Do I always have to do that, in order to show that each variable has a contribution (of course if coefficients are significant)? Is there any reference to a formal procedure that better explains this?

(0) just opinion here (1) no you don't have to do this (2) I've never seen this. Usually if there a multiple models they are presented for research domain specific reasons (3) depending on your field of interest there may be standard ways of presenting models, worth fitting in with the crowed. (4) if doing backward selection (and EPV<50) you might want consider some for of boostrapping: either to validate modeling procedure or try and show stability of variable selection — charles, Feb 13 '14 at 20:40
EPV = events per variable BTW (by the way). "Observations per coefficient" would be a better way of putting it outside the context of logistic regression. Why couldn't you include all the independent variables? — Scortchi - Reinstate Monica, Feb 13 '14 at 21:42
I think the key is the type of model building strategy you choose, e.g. forward inclusion, backward exclusion, and which fit criterion or test is used. See for example: https://onlinecourses.science.psu.edu/stat501/node/91 — tomka, Feb 13 '14 at 21:52
@tomka: Read [this](http://stats.stackexchange.com/questions/20836/algorithms-for-automatic-model-selection/20856#20856) before using (or advocating) stepwise or similar methods. The first step should be determining whether the full model (presumably one including all available predictors in forms thought relevant to predicting the response) is over-fitting to a degree prejudicial to your model-building goals. — Scortchi - Reinstate Monica, Feb 13 '14 at 22:28
In econ, people commonly show many different model specificaitons as ways of showing that coefficients are or aren't robust to different controls. Model selection is rarely the motivation for displaying tons of specifications. Are you trying to estimate a causal parameter or predict? — generic_user, Feb 17 '14 at 23:48

score 1 · Accepted Answer · edited Apr 13 '17 at 12:44

If you've used a stepwise method (& see Algorithms for automatic model selection for the drawbacks), you can show the current model at each step (more usual for exposition of the method than because of any perceived intrinsic interest of each intermediate model, I'd have thought). Otherwise there's no point: as @charles says, it's common to compare models suggested by competing theories, or that differ in the expense of using them for prediction, or (in general) for reasons that depend on what the models say about the things they model.

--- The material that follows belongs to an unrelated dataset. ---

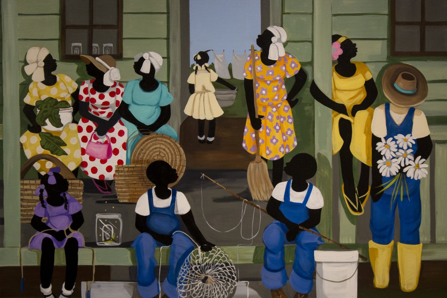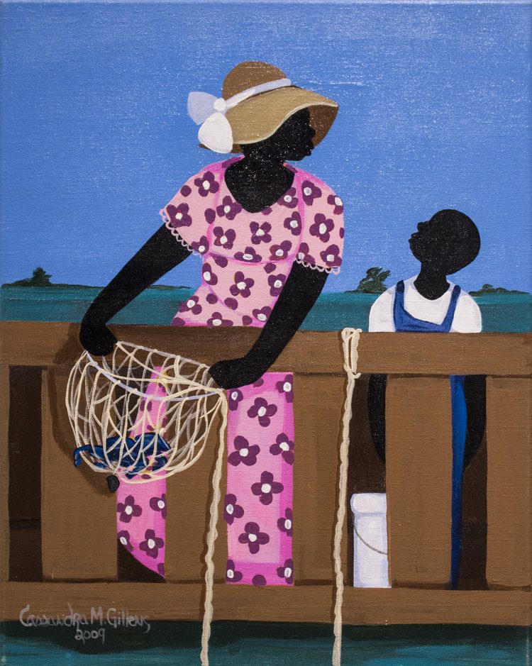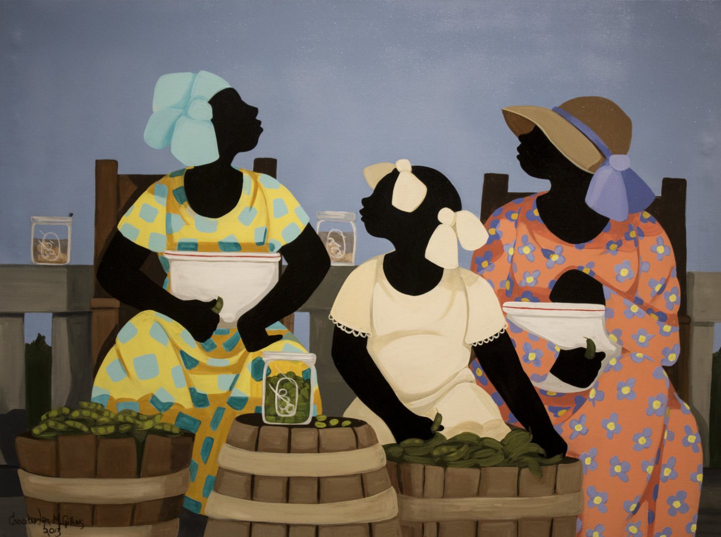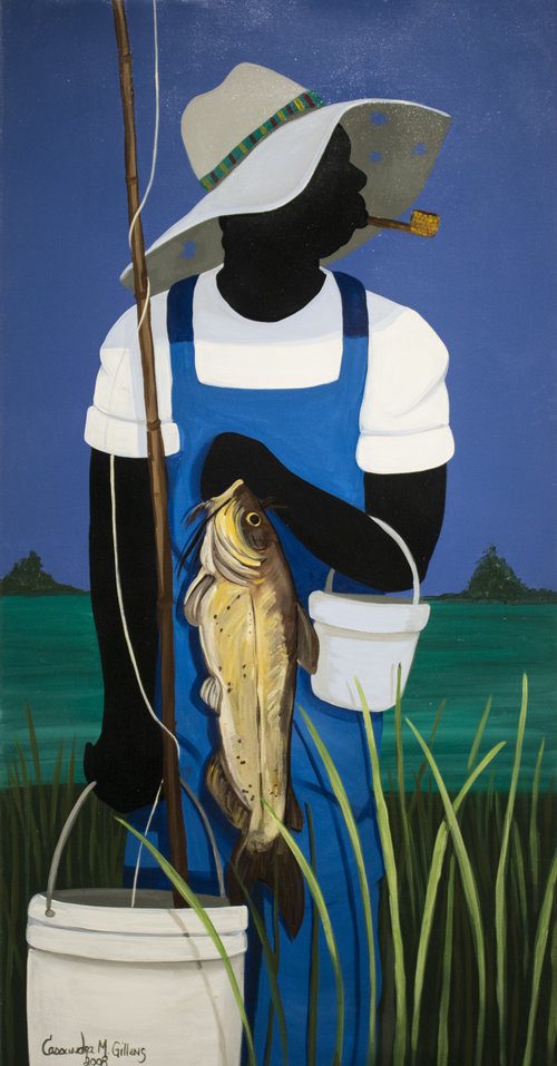 According to the exhibit website: “The artists shown here draw on their strong Gullah Geechee history depicting the life and heritage of their people. Tison and Gillens use bold colors for large close-up paintings inspired by real life scenes either passed down in verbal tradition from generation to generation or experienced first-hand by the artist themselves.

It may be tempting to view the change in the coefficient of determination as you add each predictor as a measure of its importance for or contribution to the model's predictive power; but if the predictors are correlated, as they typically will be for observational data, this can be quite misleading—you get different answers by changing the order in which you add predictors. Jeromy Anglim's blog discusses the issues, & suggests better measures.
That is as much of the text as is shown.